Colorado State University - Pueblo concludes fall Distinguished Speaker Series Nov. 10
PUEBLO – Colorado State University-Pueblo’s Distinguished Speakers Series will conclude its fall schedule on Nov. 10 with single mother turned lawyer Betty Anne Waters. Her life story is depicted in the recently released film starring Oscar winner Hilary Swank, Conviction, now playing in theatres.
Waters presentation will begin at 7 p.m. on Wednesday, Nov. 10 in the Occhiato University Center Ballroom. This event is free and open to the public.
In 1983, Betty Anne Waters watched as her brother was sentenced to life without parole for a murder and robbery he swore he didn’t commit. When his appeals were shot down and funds for lawyers dwindled, Betty Anne decided to go to college and later, law school to get the credentials necessary to prove what she always knew: Kenneth Waters was innocent. Waters will tell her incredible true story of how persistence and determination fueled by an unbending belief in her brother’s innocence lead to his exoneration in 2001.
In 1980, Katharina Brow was murdered in trailer home in Ayer, Massachusetts. Kenneth Waters knew Brow from the time he was a child, and later, she frequented the diner where he worked. Kenneth was questioned initially, and then, two years later was convicted for the murder when two former girlfriends testified he’d admitted to the crime. Although a police fingerprint analyst had cleared Waters, this information was not shared with prosecutors or defense attorneys. Because Kenneth’s blood type (O Negative shared by 48% of the population) matched the type found at the scene, the evidence seemingly added up. He was sentenced to life in prison without the possibility of parole in 1983 for first degree murder and armed robbery.
Kenneth’s family members were in shock and never doubted his innocence. They said he had worked a double-shift the night of the slaying, and appeared in court the next morning to answer for another charge. Yet he not only lost his case, he lost every appeal early on. It was then that Betty Anne began her passionate pursuit to free her brother from prison.

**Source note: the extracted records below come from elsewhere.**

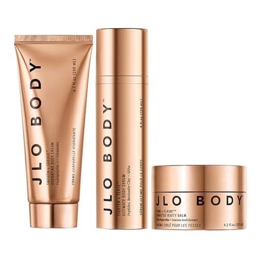 JLO BEAUTY The Ultimate Body Trio | Includes 4.2 fl oz Booty Balm, 4 fl oz Body Serum & 6.7 fl oz Body Cream | Brightens, & Firms for Smooth Skin
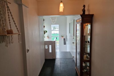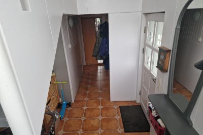 Forstofa og gangur: Flísalagt með gólfhita. Fatahengi og skápur.
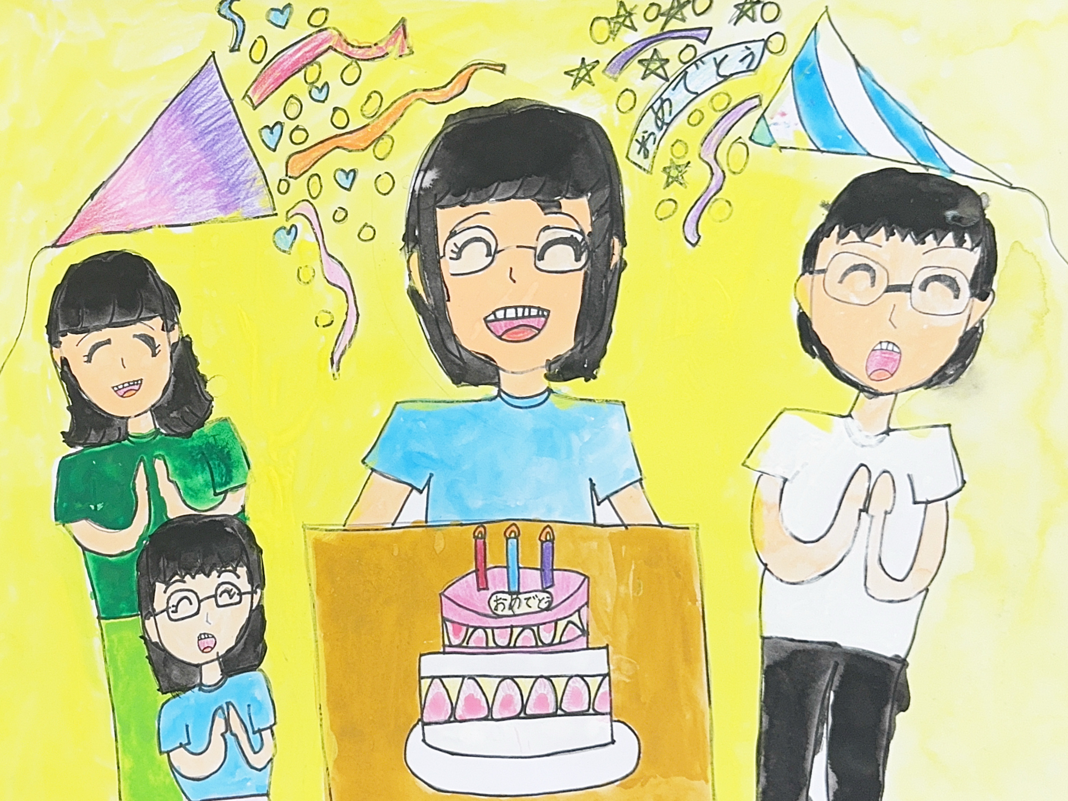 読谷小学校 | 3年 | 知花 羽笑 | 家族と笑顔(JPEG:2.9MB) |

In 1999, she contacted the Innocence Project, which was founded by Barry C. Scheck and Peter J. Neufeld at the Benjamin N. Cardozo School of Law at Yeshiva University to assist prisoners who could be proved innocent through DNA testing. At the time, Betty Anne had already located the biological evidence and was trying to have it subjected to DNA testing. With the Innocence Project’s help, the male DNA found at the scene was ultimately tested, and it was proved that it was not Kenneth’s DNA – nor was he the perpetrator. The results were examined by the Massachusetts State Police Crime Laboratory and they concurred with FSA's findings. Kenneth was exonerated 2001; sadly six months after his release he was killed in a freak accident.
Betty Anne Waters lives in New England and continues her work in freeing wrongfully convicted criminals, as well as fighting for the rights of prison inmates.
The Distinguished Speakers Series features eminent national or international speakers who contribute to current thought in social or political activities, in the arts and sciences, or other realm of contemporary significance by individuals who have distinguished themselves in their fields. The series is co-sponsored by the Office of Student Activities, the Student Fee Governing Board, the Associated Students’ Government, and the Diversity Resource Center.